A big reason for people’s alarm about the insect is its nickname, she says, which is misleading. “There is no more a murder hornet than there is a killer bee. They’re both stupid names,” says Burnham. That fear has consequences—in the past few days, she has seen photos across the country showing some people killing other bees, even bumblebees, over the murder hornet paranoia.

The hornet is not new to entomologists. Like most insects, when unprovoked, they’re not a threat to humans, Burnham says. “These things have been around, and there are techniques for controlling them,” says Burnham. (Some honeybees have developed a particularly novel way of fighting the hornets—they literally cook them.)

Burnham says that the murder hornets are no scarier looking than other large insects that buzz around the region, like the European hornet (which she calls flying school buses for their bright yellow torsos) or her favorite bug, cicada killers. She urges that residents shouldn’t go out of their way to kill these creatures out of fear of a potential murder hornet invasion.

This is not the first time that headlines have prompted a flurry of concerned callers to flood local government agencies phone lines.

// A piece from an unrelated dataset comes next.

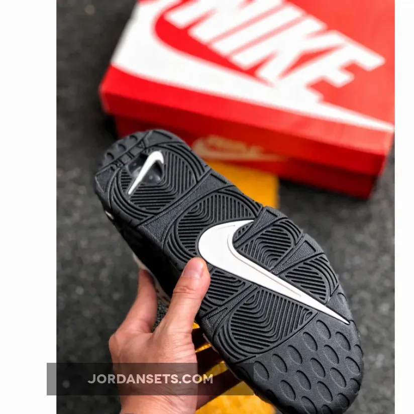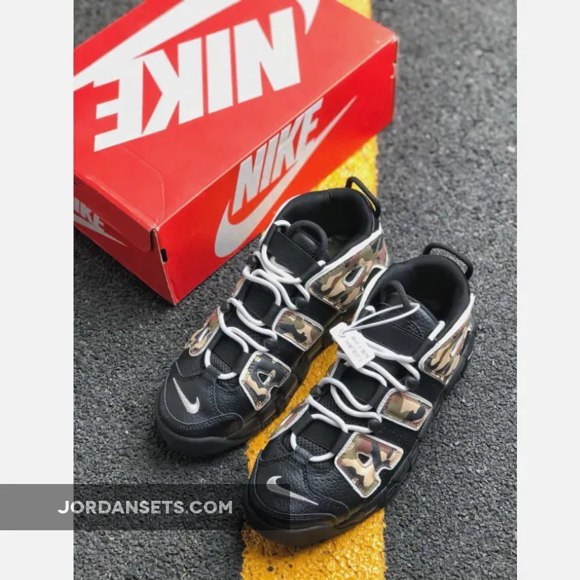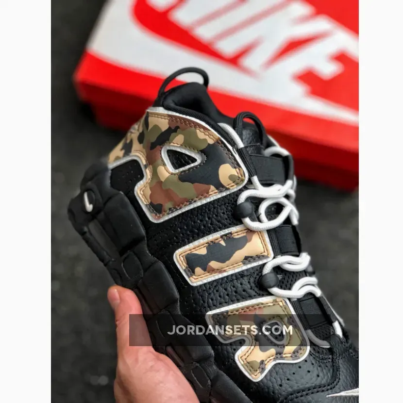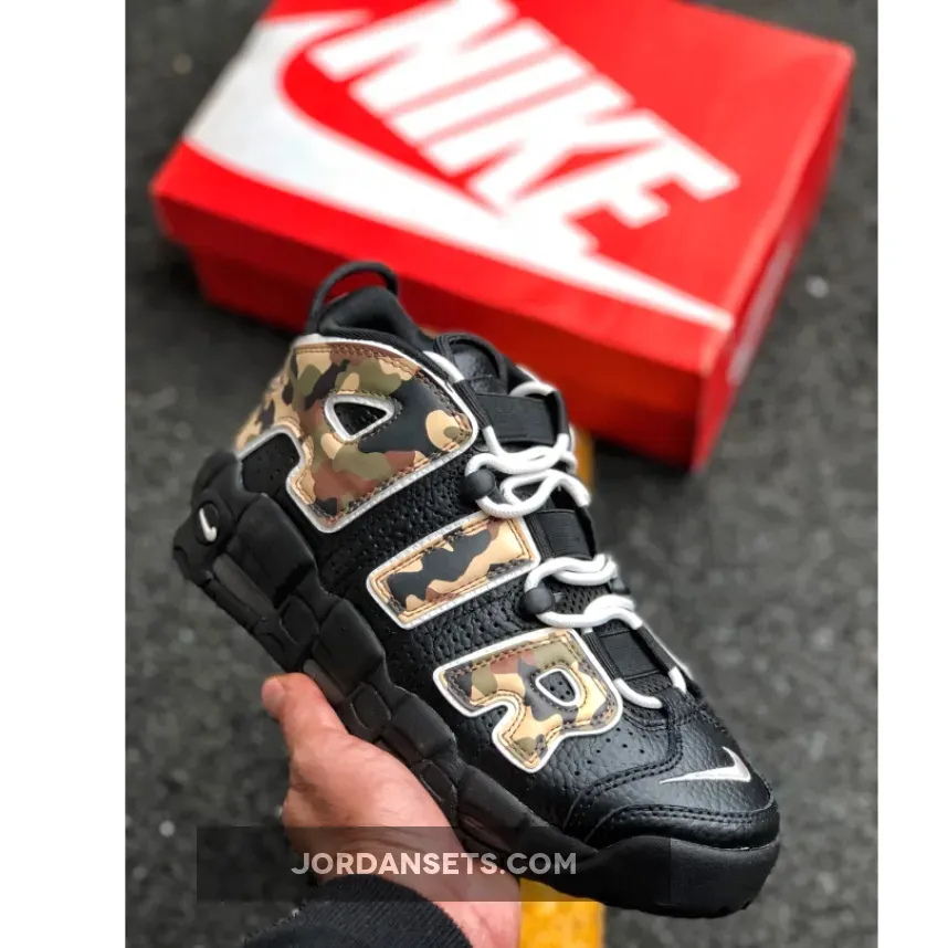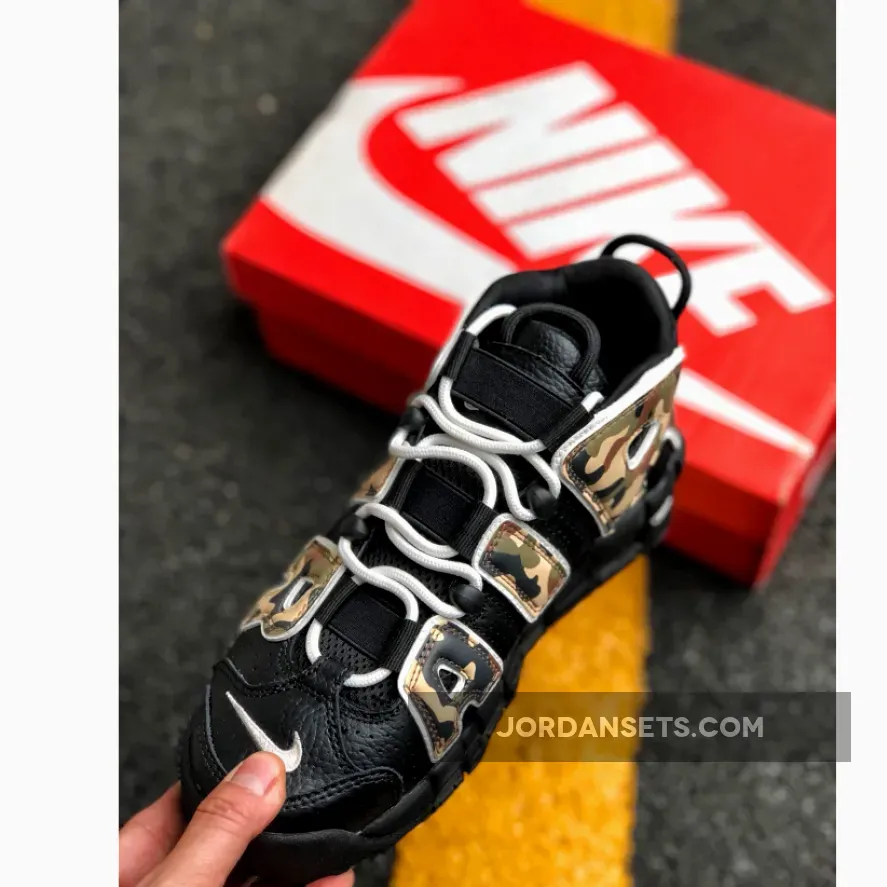 Dressed in a Black, Sail, and Light British Tan color scheme. This Nike Air More Uptempo features a Black premium tumbled leather upper highlighted with camouflage “AIR” lettering on the sides and heel outlined in White. A solid Black rubber sole with a large Swoosh logo on the outsole completes the design.
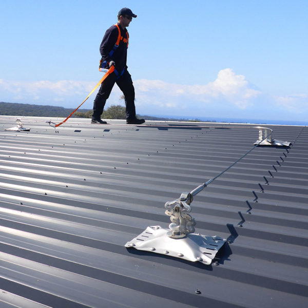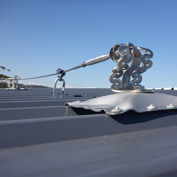 An horizontal lifeline system designed to be mounted on the surface of a metal roof profile. Fitted where access to the underside of the roof structure is difficult to access.  End anchor designed to be mounted on the surface of a metal roof profile as attachment points for the cable to start and terminate at.

When President Donald Trump suggested at a White House coronavirus briefing that potentially injecting ingesting toxic cleaners like bleach could cleanse coronavirus inside of the body, Maryland’s Emergency Management Agency received over 100 calls in the course of one morning about the dangerous idea. The agency had to tweet out a clarifying statement, that, under no circumstances, should someone put a disinfectant into their bodies.

While the murder hornet concerns may be less irrational than calls over putting toxic chemicals into a human body, Burnham says bee experts and entomologists in Washington are on the case, and that there’s no reason for those in the region to worry.

“Let [Washington state] handle it, and everyone calm down,” Burnham says. “Have a beer.”